The developer recently adopted a new set of strict guidelines, aimed at environmental, social, governance (ESG) compliance and adherence with a minimal ecological footprint.

It is hoped that Dolina Vasta may become Russia’s national standard for resorts in the proximity of national parks or other protected territories.

Rosa Khutor
Rosa Khutor
Building on the success of Rosa Khutor

The new project is based on the success of the Rosa Khutor resort, developed by Interros, which was the anchor site of the 2014 Winter Olympis. It is expected that the creation of Dolina Vasta will stimulate the development of small and medium-sized businesses in the region, lead to the creation of about 4,000 new jobs in the area and partially relieve the Rosa Khutor resort, which has been operating at full capacity in recent years.

Rosa Khutor was also constructed within the vicinity of the same national park, and during its construction the World Wildlife Fund participated in the project and helped the designers to developed a programme to save the rare Caucasian leopard, which became nearly extinct during the Soviet era.

Dolina Vasta will have the capacity of up to 1.5 million visitors a year – a significant number for Russia’s mountain resorts.

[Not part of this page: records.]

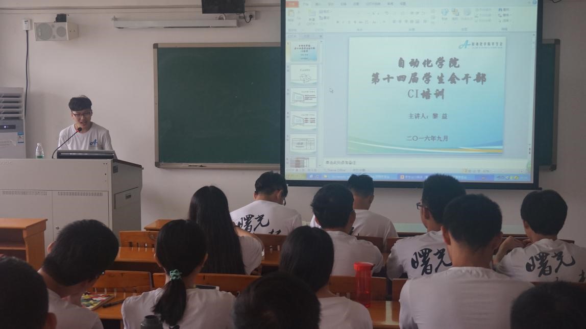 而黎益师兄在致词中表示,感谢全体干部在过去一年的辛勤付出,自动化学院学生会在校团委、校学生会的正确指导下以及全体干部的配合之下,成功开展了一件件丰富学院乃至全校学生课余生活的系列活动,他希望干部们能借此培训机会,努力提升自我素养,从而更好地促进同学的全面发展。最后,他要求全体干部要努力成为一名 “站起来能讲、坐下来能写、动起来能干、静下来能想”的四能干部。本期干部培训的第一节课程培训便是自动化学院学生会独有的CI手册(企业形象识别系统)培训了,黎益师兄详尽介绍了CI手册的三大系统分别是MI系统——理念识别、BI系统——行为识别、VI系统——视觉识别,经过培训,大家明白了学习CI手册更重要的是要把所学到的知识运用到实际工作中去。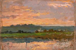olio su compensato, cm 27 x 40 1920 firmato e datato in basso a destra: C. C. TAGLIABUE / 1920
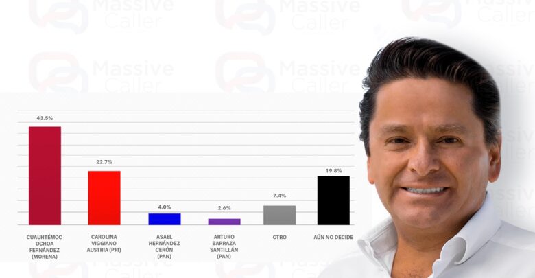 Respecto a los candidatos, Massive Caller reporta a Cuauhtémoc Ochoa (Morena) con un 43.5 por ciento frente a Carolina Viggiano (PRI) con un 22.7.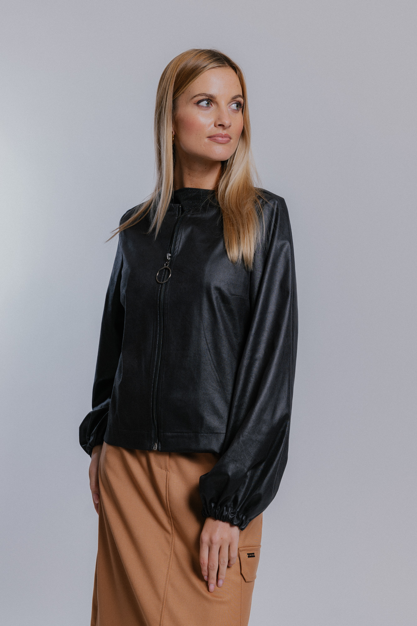 Černá dámská bunda imitace kůže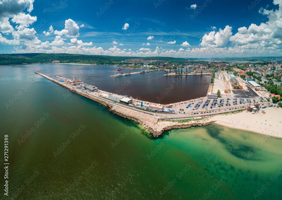 Aerial view of sea port and industrial harbor zone in Varna, Bulgaria

Given the size of both the internal market and the interest in Russia as a winter holiday destination that the 2014 games generated, its ambition looks justified.

According to Zarina Doguzova, the head of Rostourism, Russia’s federal tourism agency, interest in destinations that care for the environment is growing fast among Russian consumers, “about 25-30 per cent per year,” she says. “A huge number of young people are prepared to go into nature and even prefer this type of tourism to more popular beach vacations.”

Andrey Ignatiev, the president of the Russian Tourism Industry Union also notes the growth potential of eco-tourism.

“For us, the participants in the Russian tourism business, it is absolutely clear that the process of developing tourism infrastructure in our country…should be accompanied by a set of measures to minimise the negative impact on the natural ecosystems.”

For a world in which travel will be much changed post-Covid-19, with travelers likely to take fewer holidays and show far greater concern for the environmental impact of their trips, the timing of Dolina Vasta’s development looks perfect.